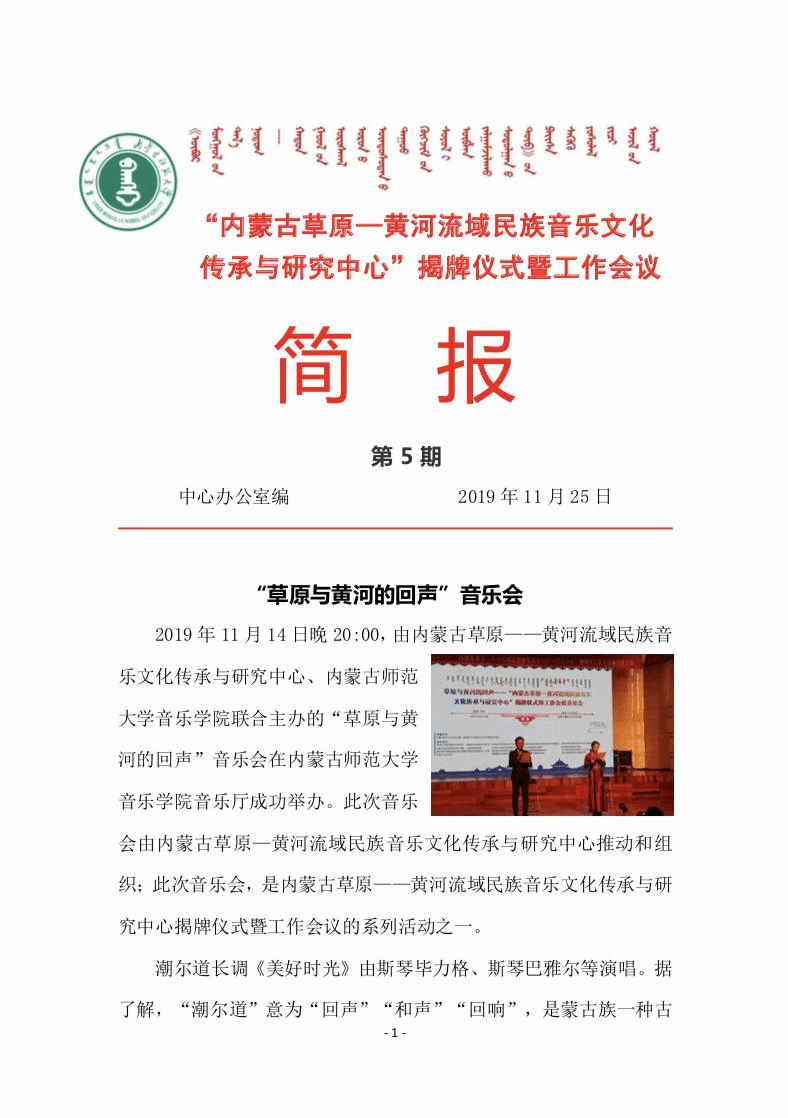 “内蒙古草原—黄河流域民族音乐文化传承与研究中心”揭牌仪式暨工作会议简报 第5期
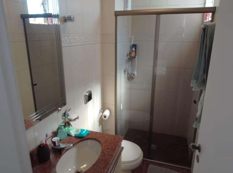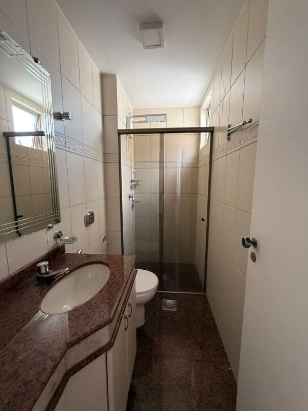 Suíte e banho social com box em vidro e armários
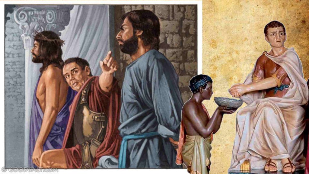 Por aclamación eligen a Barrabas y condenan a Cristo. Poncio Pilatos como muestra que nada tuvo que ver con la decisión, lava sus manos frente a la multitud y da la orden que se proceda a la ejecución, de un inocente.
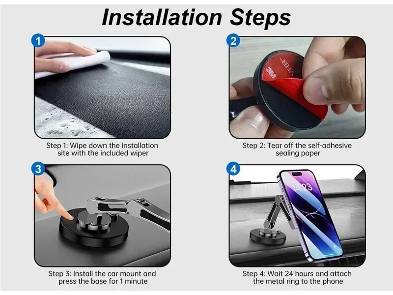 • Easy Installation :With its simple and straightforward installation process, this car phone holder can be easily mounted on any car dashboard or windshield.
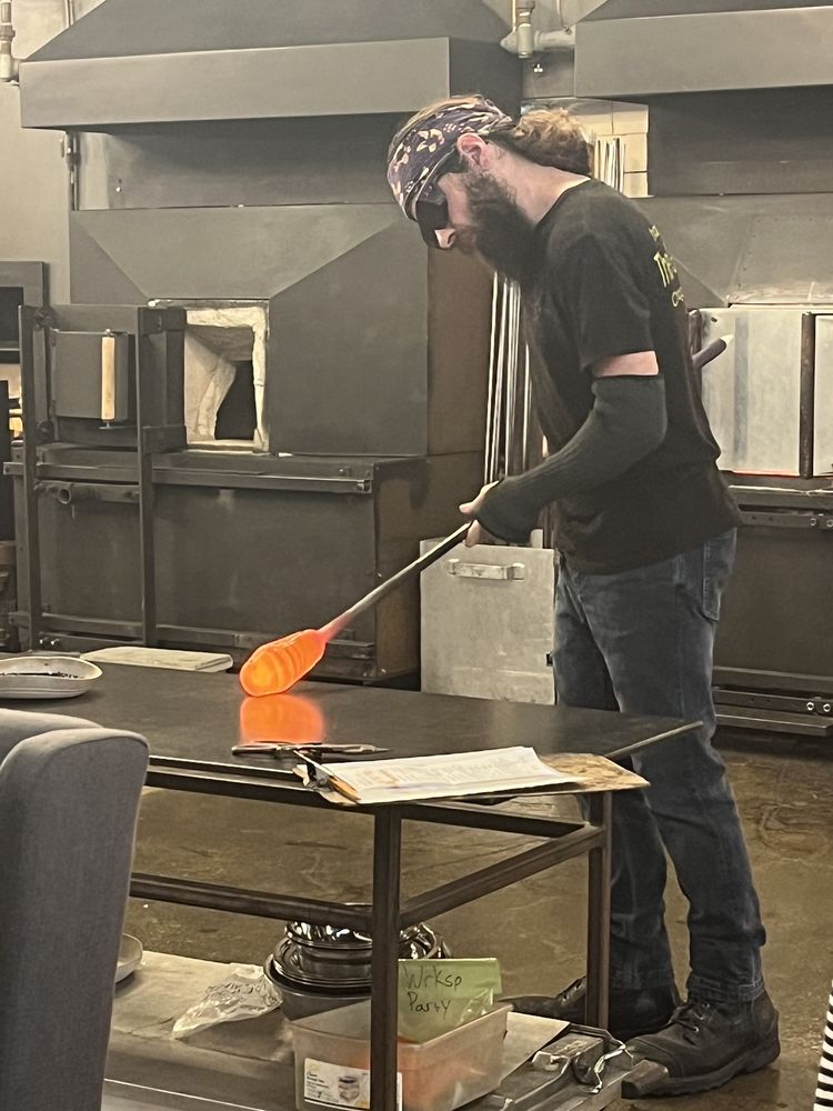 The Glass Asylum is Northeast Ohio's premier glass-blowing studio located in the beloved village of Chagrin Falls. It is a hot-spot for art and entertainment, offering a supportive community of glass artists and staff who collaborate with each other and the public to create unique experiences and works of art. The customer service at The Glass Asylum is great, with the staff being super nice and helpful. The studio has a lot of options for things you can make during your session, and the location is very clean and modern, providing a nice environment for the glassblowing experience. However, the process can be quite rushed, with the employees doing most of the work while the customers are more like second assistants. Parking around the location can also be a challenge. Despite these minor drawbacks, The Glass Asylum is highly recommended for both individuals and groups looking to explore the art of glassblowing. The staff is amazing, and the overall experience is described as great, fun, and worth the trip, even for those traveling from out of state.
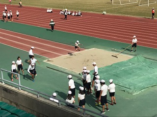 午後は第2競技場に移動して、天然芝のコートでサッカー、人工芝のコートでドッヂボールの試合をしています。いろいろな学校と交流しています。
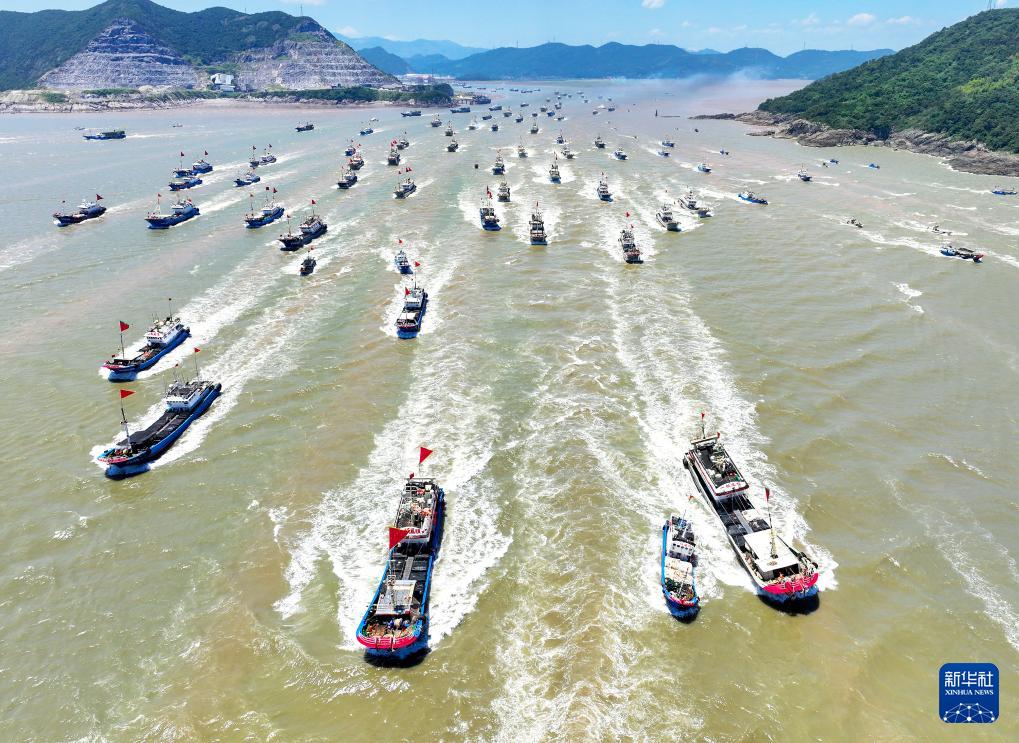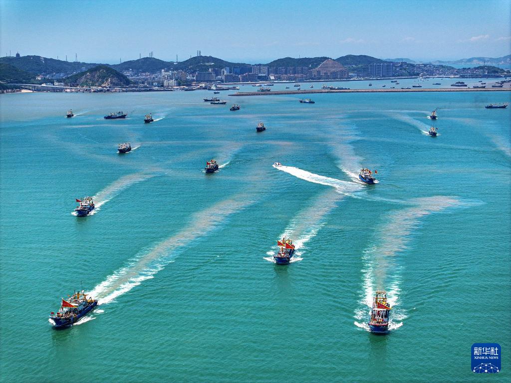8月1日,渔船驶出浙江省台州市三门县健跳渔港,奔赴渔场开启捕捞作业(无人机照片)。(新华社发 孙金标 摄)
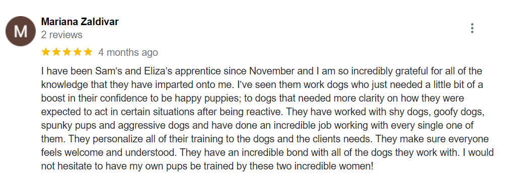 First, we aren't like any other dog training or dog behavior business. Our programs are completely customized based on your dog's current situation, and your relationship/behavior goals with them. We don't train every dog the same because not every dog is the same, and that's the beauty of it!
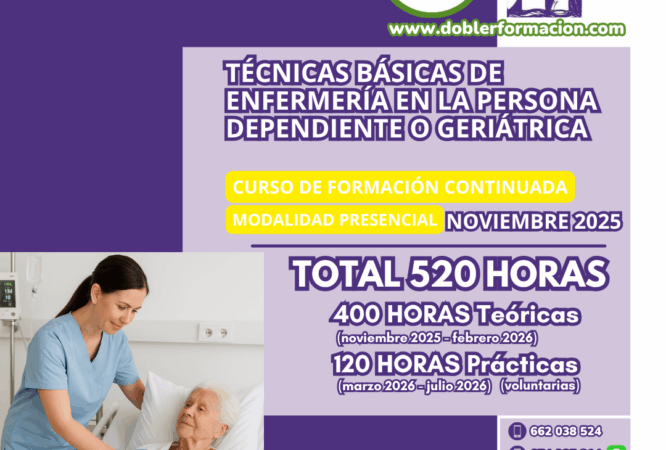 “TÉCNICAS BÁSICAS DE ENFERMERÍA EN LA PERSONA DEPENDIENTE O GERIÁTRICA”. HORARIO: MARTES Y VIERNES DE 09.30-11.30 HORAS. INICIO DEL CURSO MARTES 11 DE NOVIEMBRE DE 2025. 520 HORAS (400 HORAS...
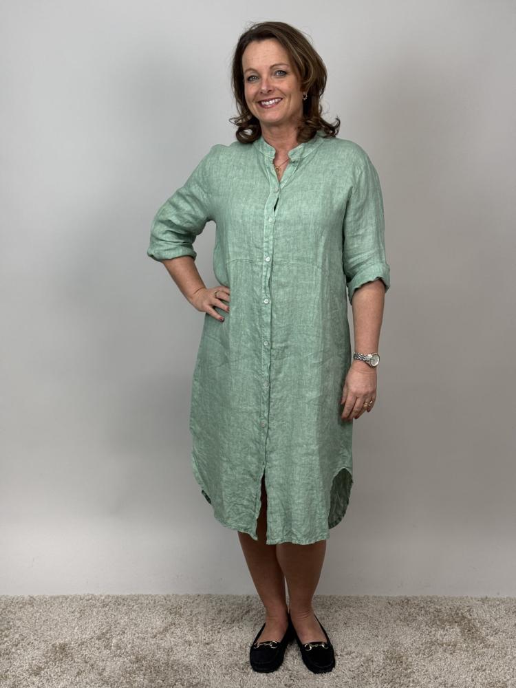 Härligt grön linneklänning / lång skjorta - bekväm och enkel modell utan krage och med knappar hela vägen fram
---+---
**Task objective:**
Exactly the lines from the start of the entries above through the line with "Por aclamación eligen" should be reproduced, and nothing else; drop the pictures.

**Result for this exercise:**
 “内蒙古草原—黄河流域民族音乐文化传承与研究中心”揭牌仪式暨工作会议简报 第5期
 Suíte e banho social com box em vidro e armários
 Por aclamación eligen a Barrabas y condenan a Cristo. Poncio Pilatos como muestra que nada tuvo que ver con la decisión, lava sus manos frente a la multitud y da la orden que se proceda a la ejecución, de un inocente.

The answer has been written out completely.